■ Exercise objective: Give the data again exactly, without images.

■ Recorded information:

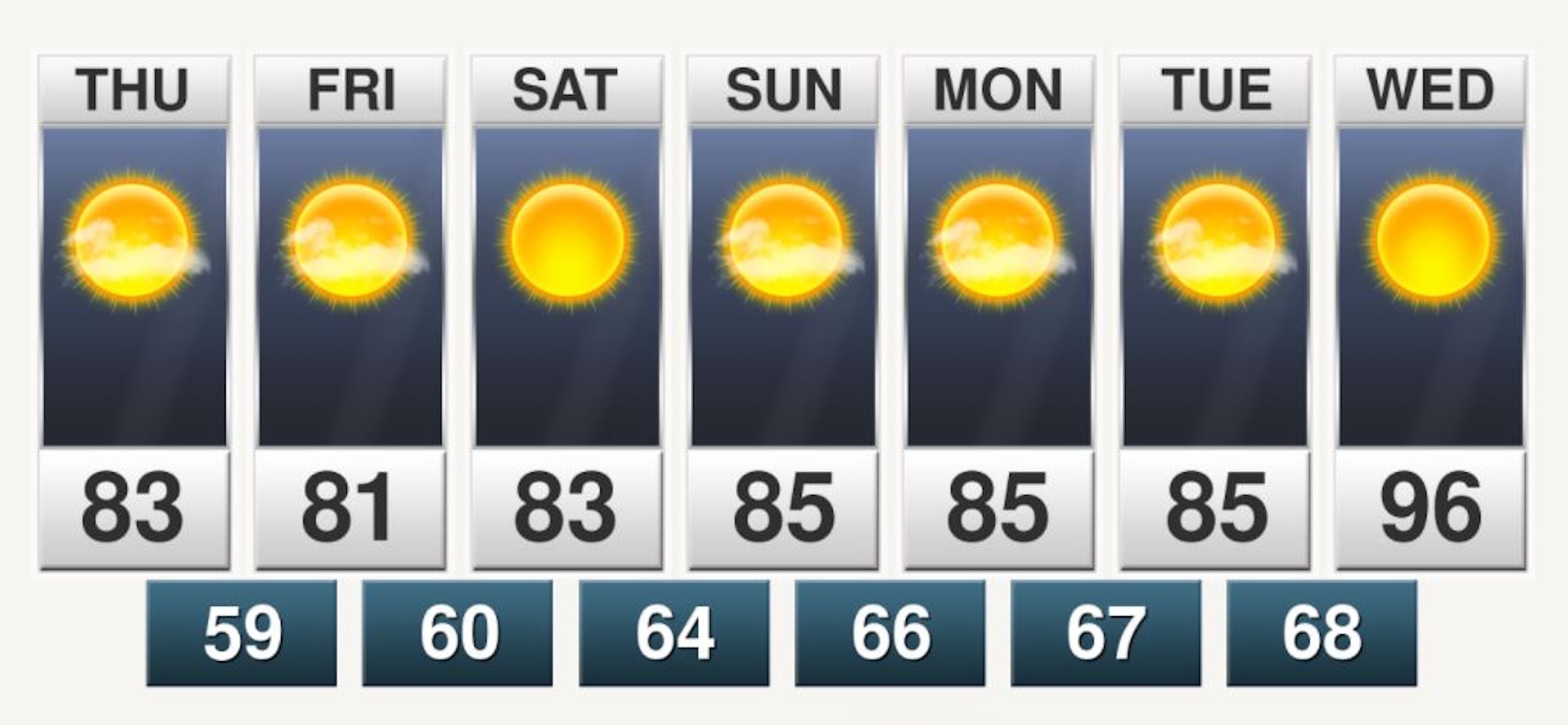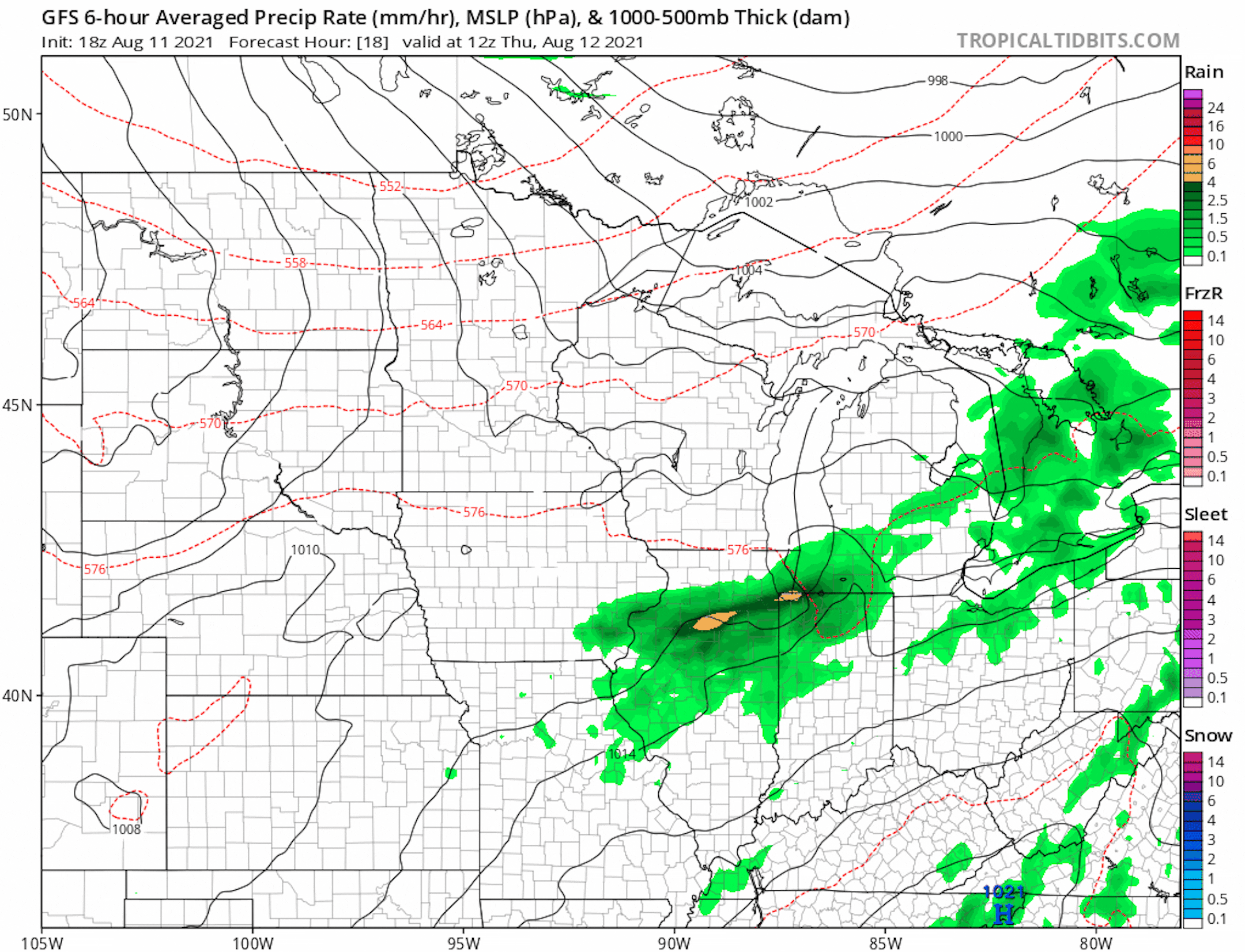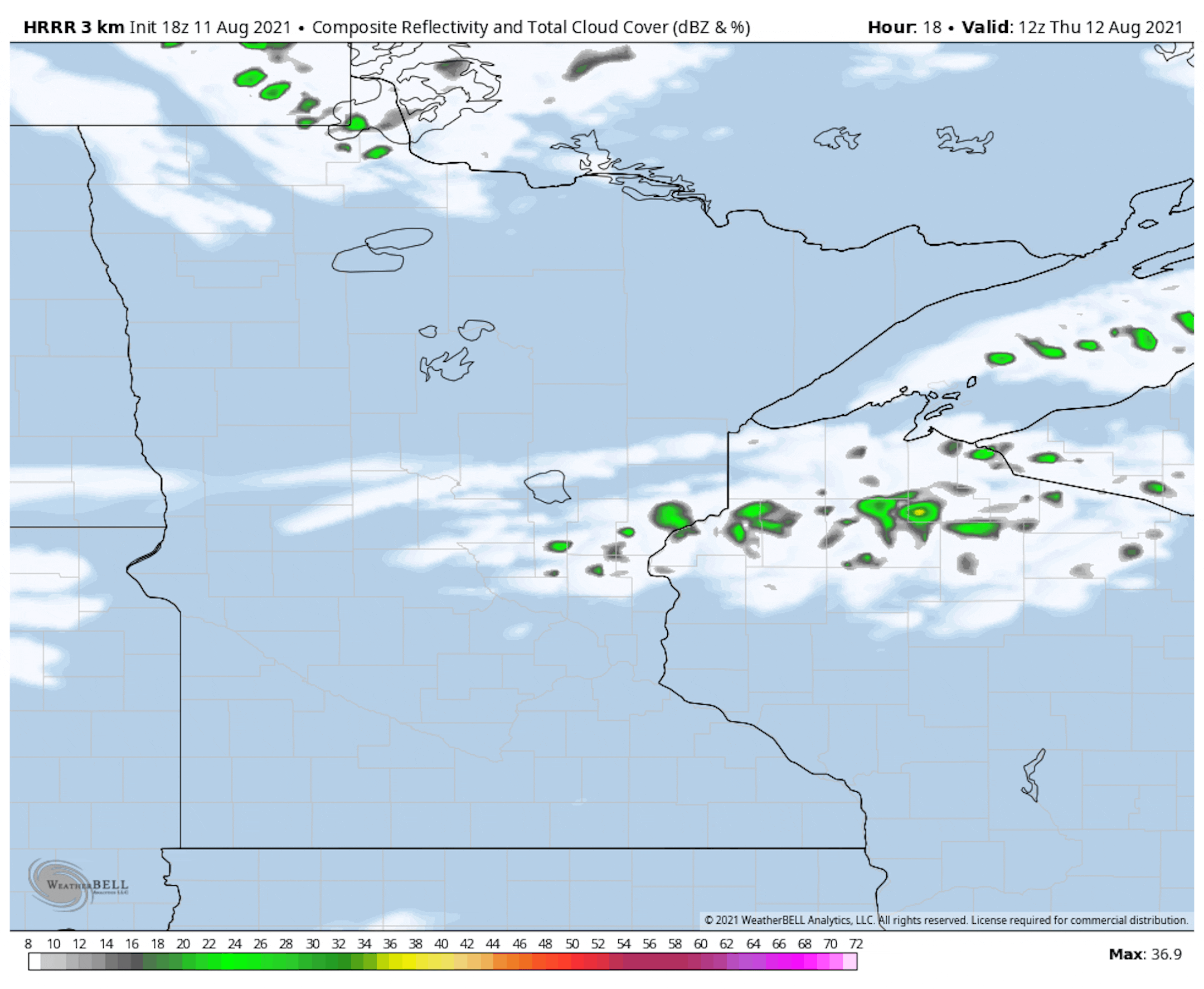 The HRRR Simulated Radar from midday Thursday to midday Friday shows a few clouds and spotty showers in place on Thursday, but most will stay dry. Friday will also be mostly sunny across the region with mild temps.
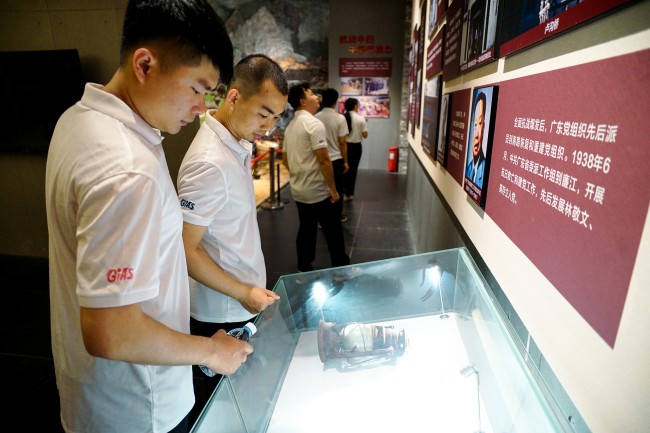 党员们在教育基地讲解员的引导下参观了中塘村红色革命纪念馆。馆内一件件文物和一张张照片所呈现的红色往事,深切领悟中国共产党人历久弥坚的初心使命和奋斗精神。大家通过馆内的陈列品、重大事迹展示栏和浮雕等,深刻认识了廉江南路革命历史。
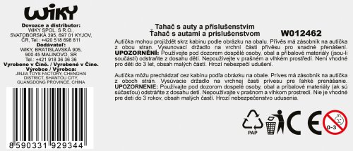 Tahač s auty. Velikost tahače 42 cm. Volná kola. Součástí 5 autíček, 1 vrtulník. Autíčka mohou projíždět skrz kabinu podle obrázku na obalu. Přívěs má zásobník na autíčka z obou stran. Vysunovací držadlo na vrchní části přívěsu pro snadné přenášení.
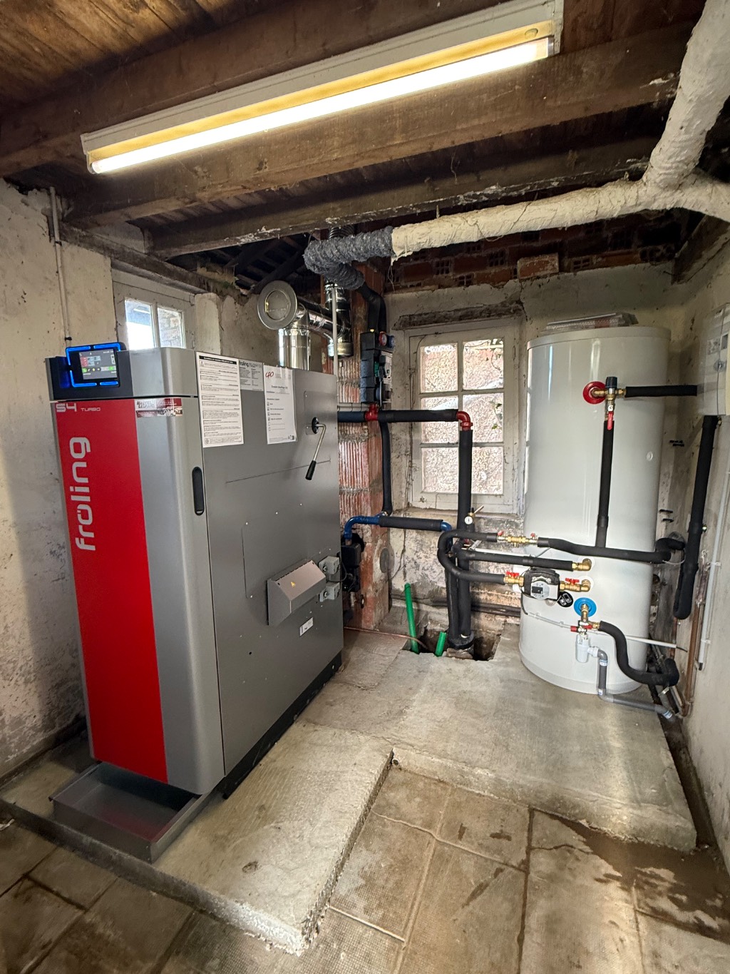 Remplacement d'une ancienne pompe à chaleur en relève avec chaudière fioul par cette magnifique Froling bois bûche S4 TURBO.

■ Output below:
 The HRRR Simulated Radar from midday Thursday to midday Friday shows a few clouds and spotty showers in place on Thursday, but most will stay dry. Friday will also be mostly sunny across the region with mild temps.
 党员们在教育基地讲解员的引导下参观了中塘村红色革命纪念馆。馆内一件件文物和一张张照片所呈现的红色往事,深切领悟中国共产党人历久弥坚的初心使命和奋斗精神。大家通过馆内的陈列品、重大事迹展示栏和浮雕等,深刻认识了廉江南路革命历史。
 Tahač s auty. Velikost tahače 42 cm. Volná kola. Součástí 5 autíček, 1 vrtulník. Autíčka mohou projíždět skrz kabinu podle obrázku na obalu. Přívěs má zásobník na autíčka z obou stran. Vysunovací držadlo na vrchní části přívěsu pro snadné přenášení.
 Remplacement d'une ancienne pompe à chaleur en relève avec chaudière fioul par cette magnifique Froling bois bûche S4 TURBO.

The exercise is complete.